Procura di Prato (foto Ministero della Giustizia)

PRATO – Nell’ambito dell’inchiesta sulla morte di un 38enne albanese, Vladimir Lleshi, ucciso a Prato nei giardini tra via Corridoni e via Baracca, l’8 maggio 2025, sono state eseguite dalla squadra mobile della questura di Prato quattro misure cautelari. I provvedimenti sono stati emessi dal giudice per le indagini preliminari del tribunale di Prato, su richiesta della locale procura diretta dal procuratore Luca Tescaroli.

Le misure riguardano quattro giovani cittadini albanesi. Si tratta di un diciannovenne, destinatario della custodia cautelare in carcere; un ventiduenne, posto agli arresti domiciliari; un ventenne, sottoposto all’obbligo di dimora nel comune di Montemurlo; e un ventitreenne, destinatario dell’obbligo di dimora nel comune di Prato. Quest’ultimo risulta già detenuto per reati di rapina e lesioni aggravate commessi il 26 gennaio 2023. Al diciannovenne vengono contestati i reati di rissa e omicidio, mentre agli altri tre indagati è contestata la rissa aggravata dall’evento morte e dalle lesioni riportate da alcuni partecipanti.

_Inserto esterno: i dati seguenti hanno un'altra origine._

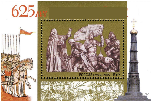 Какой памятник культуры был создан в течение полувека после события, юбилею которого посвящена марка? В ответе запишите цифру, которой обозначен этот памятник культуры. Укажите автора данного памятника культуры.

Secondo quanto ricostruito dagli investigatori, la sera dell’8 maggio nei giardini pubblici cittadini sarebbe scoppiata una violenta colluttazione tra sei persone, culminata con la morte del 38enne. L’uomo venne colpito al petto con un cacciavite: la ferita, che interessò il ventricolo sinistro del cuore, spiega la Procura, si rivelò fatale nonostante il tempestivo trasporto all’ospedale di Prato e i tentativi dei sanitari di salvarlo. Nel corso della rissa un altro giovane, ventiduenne, riportò un trauma cranico con tumefazioni alla regione orbitaria destra e al naso.

Le indagini hanno accertato che allo scontro si sarebbero contrapposti due gruppi di connazionali. Da una parte due giovani, armati di un cacciavite e di un taglierino; dall’altra quattro persone, tra cui la vittima, che annoverava precedenti per rapina. In una nota della procura di Prato si evidenzia che secondo il giudice che ha emesso il provvedimento nei confronti dei quattro giovani, all’origine della violenza vi sarebbero state rivalità, provocazioni e dinamiche di supremazia territoriale tra gruppi giovanili, maturate in un contesto di marginalità sociale e conflittualità relazionale.